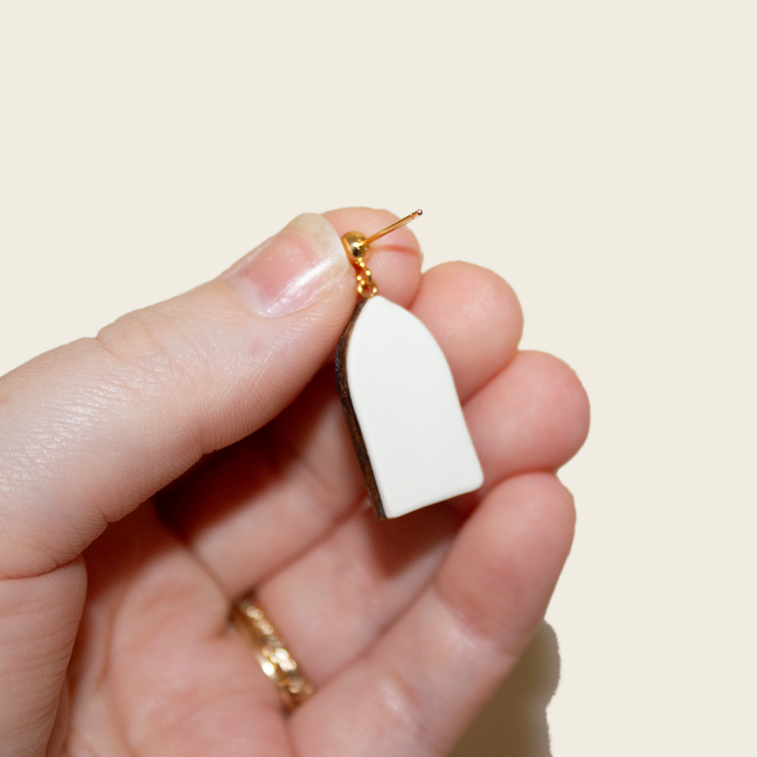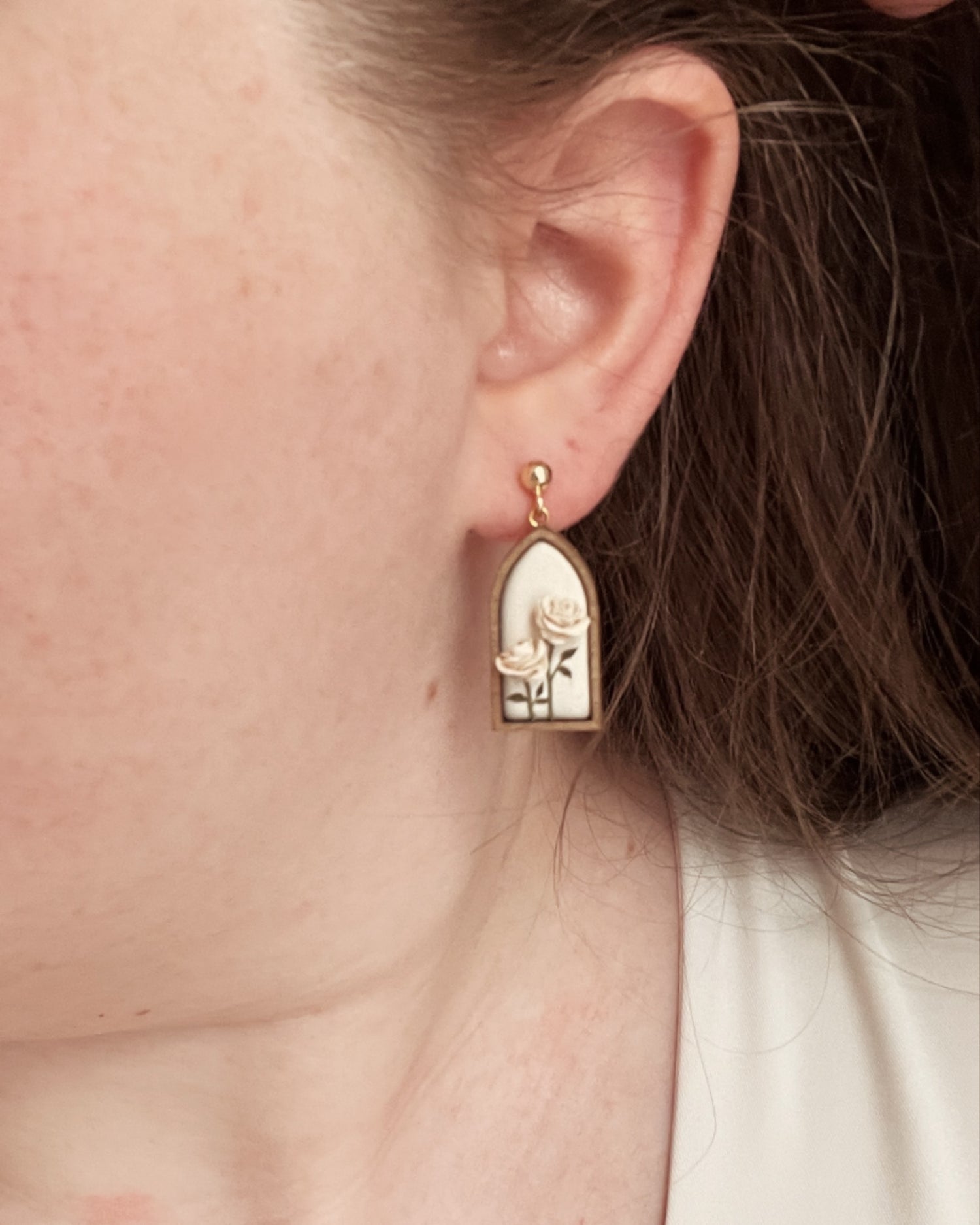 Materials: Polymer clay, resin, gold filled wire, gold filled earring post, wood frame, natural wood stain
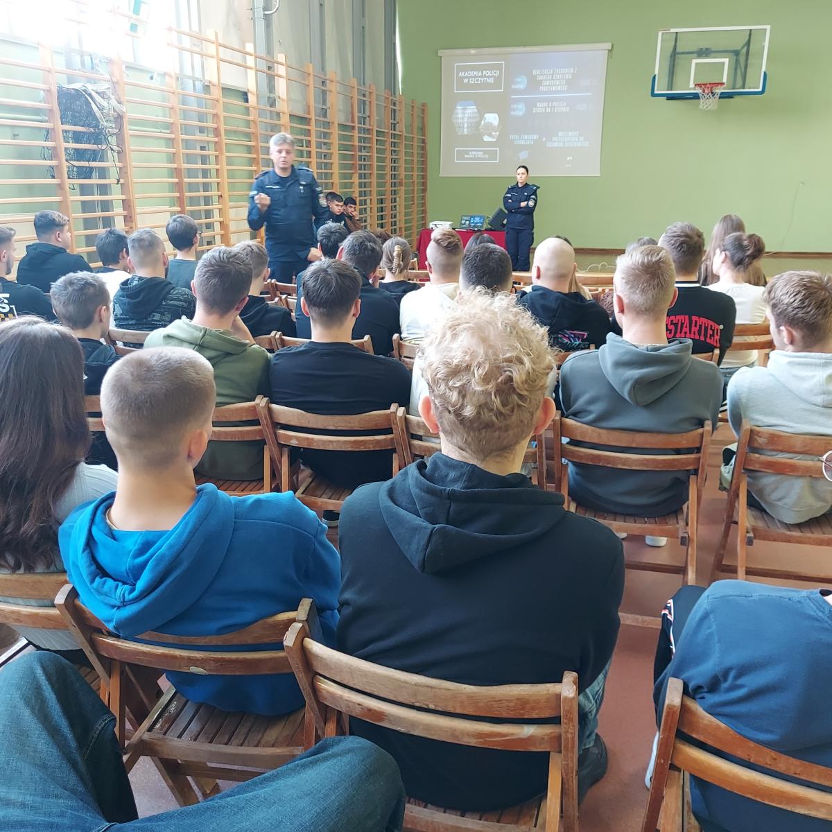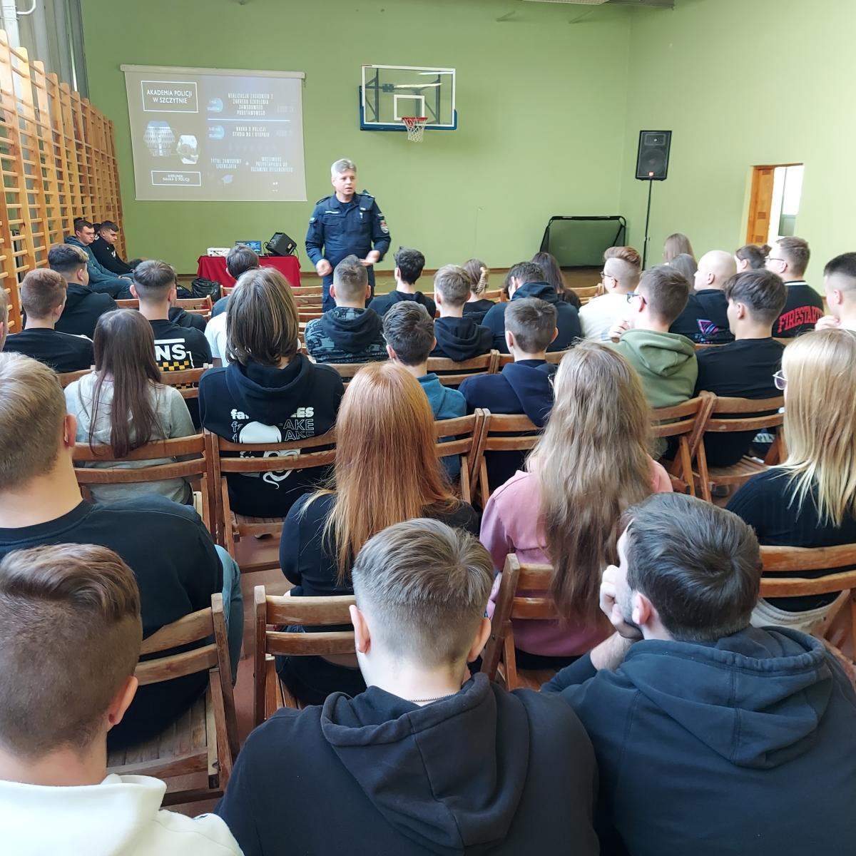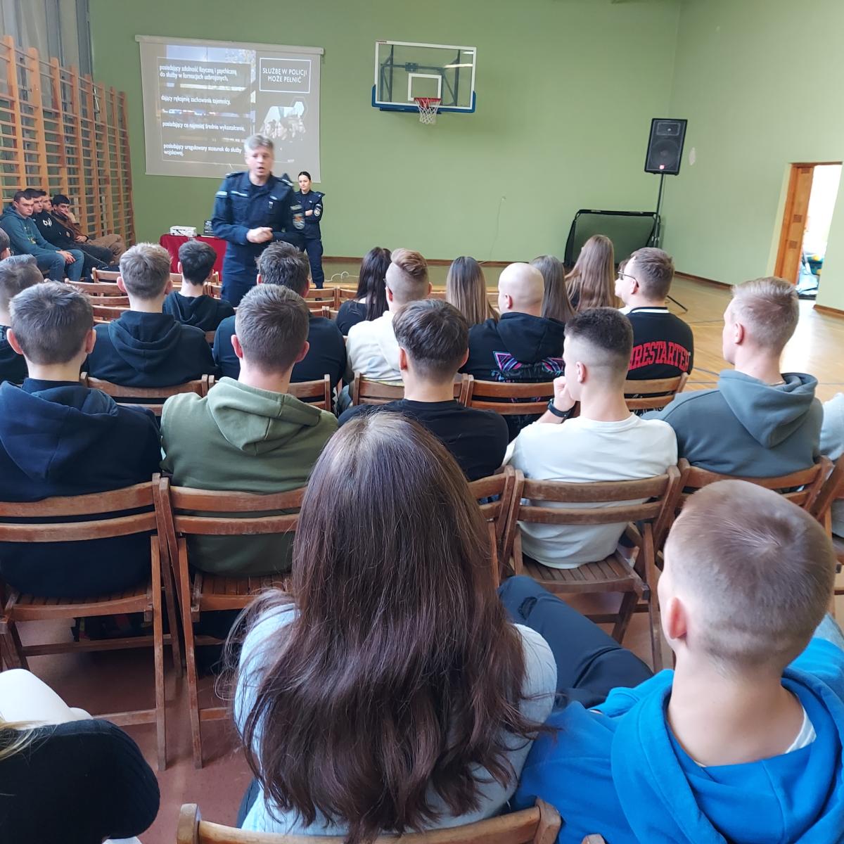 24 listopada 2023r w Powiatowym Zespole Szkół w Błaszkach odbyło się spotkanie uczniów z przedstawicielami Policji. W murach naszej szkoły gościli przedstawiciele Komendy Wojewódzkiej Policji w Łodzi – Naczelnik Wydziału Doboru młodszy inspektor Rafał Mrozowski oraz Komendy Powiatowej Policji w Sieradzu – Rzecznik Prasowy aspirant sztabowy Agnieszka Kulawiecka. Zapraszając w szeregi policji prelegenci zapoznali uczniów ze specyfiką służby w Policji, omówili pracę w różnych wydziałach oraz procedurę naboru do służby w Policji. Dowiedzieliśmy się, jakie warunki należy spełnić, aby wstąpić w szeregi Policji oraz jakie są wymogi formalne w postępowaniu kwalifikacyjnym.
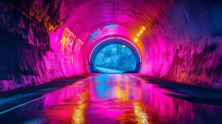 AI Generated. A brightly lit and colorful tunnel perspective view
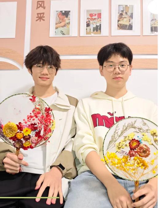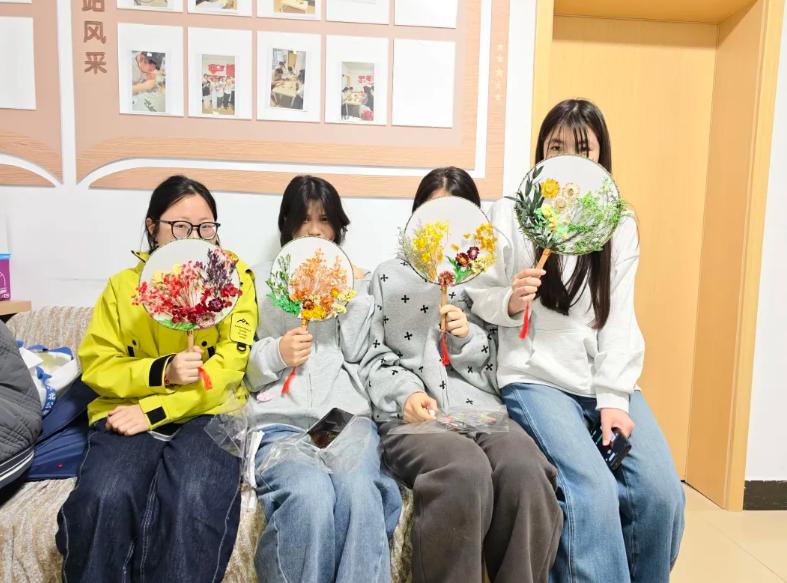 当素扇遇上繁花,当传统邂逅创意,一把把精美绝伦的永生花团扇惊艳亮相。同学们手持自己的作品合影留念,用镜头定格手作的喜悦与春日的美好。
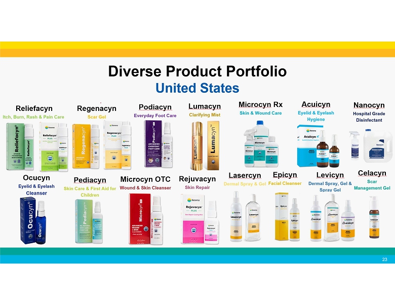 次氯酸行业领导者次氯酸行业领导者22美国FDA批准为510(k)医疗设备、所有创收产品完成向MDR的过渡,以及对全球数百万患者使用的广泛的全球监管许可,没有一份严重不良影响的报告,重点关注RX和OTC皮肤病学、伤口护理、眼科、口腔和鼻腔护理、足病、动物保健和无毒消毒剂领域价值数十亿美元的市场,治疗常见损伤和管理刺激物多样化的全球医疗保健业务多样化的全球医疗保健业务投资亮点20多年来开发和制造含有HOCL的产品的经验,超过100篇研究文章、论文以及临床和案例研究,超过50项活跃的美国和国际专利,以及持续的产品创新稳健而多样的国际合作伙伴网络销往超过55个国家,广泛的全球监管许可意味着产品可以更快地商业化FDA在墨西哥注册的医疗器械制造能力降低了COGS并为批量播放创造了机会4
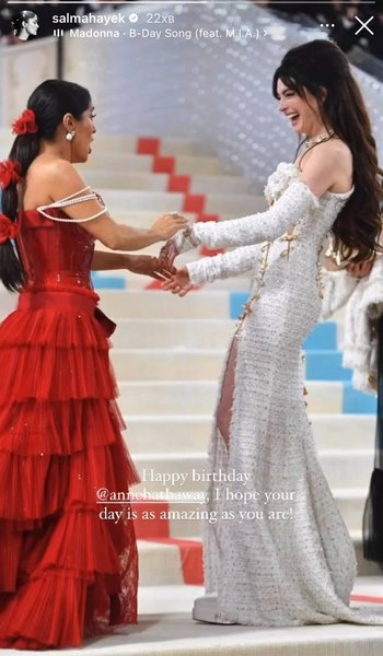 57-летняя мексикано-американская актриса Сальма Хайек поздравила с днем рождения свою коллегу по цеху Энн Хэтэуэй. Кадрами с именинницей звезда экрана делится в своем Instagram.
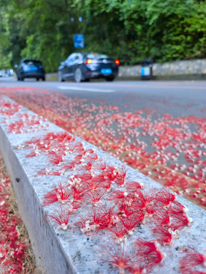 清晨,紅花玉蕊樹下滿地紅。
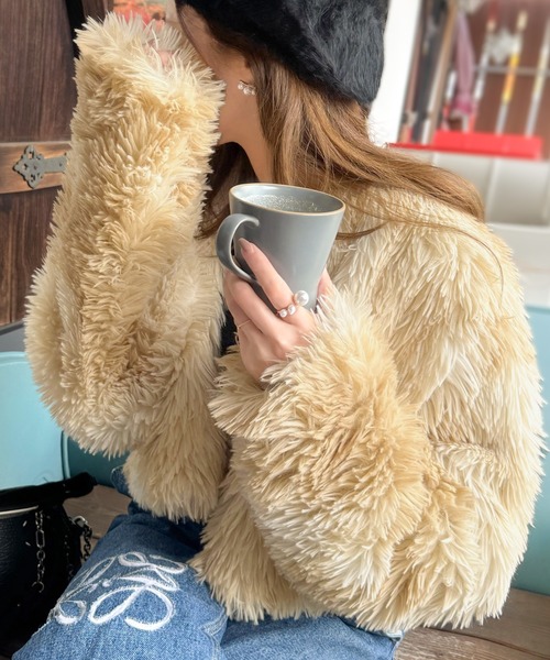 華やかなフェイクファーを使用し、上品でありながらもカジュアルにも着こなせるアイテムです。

--- --- ---

**Problem requirements**
Copy out, without any pictures, the lines of the records above from the one containing "清晨,紅花玉蕊樹下滿地紅。" through the final line, both ends included.

**Result of the task**
 清晨,紅花玉蕊樹下滿地紅。
 華やかなフェイクファーを使用し、上品でありながらもカジュアルにも着こなせるアイテムです。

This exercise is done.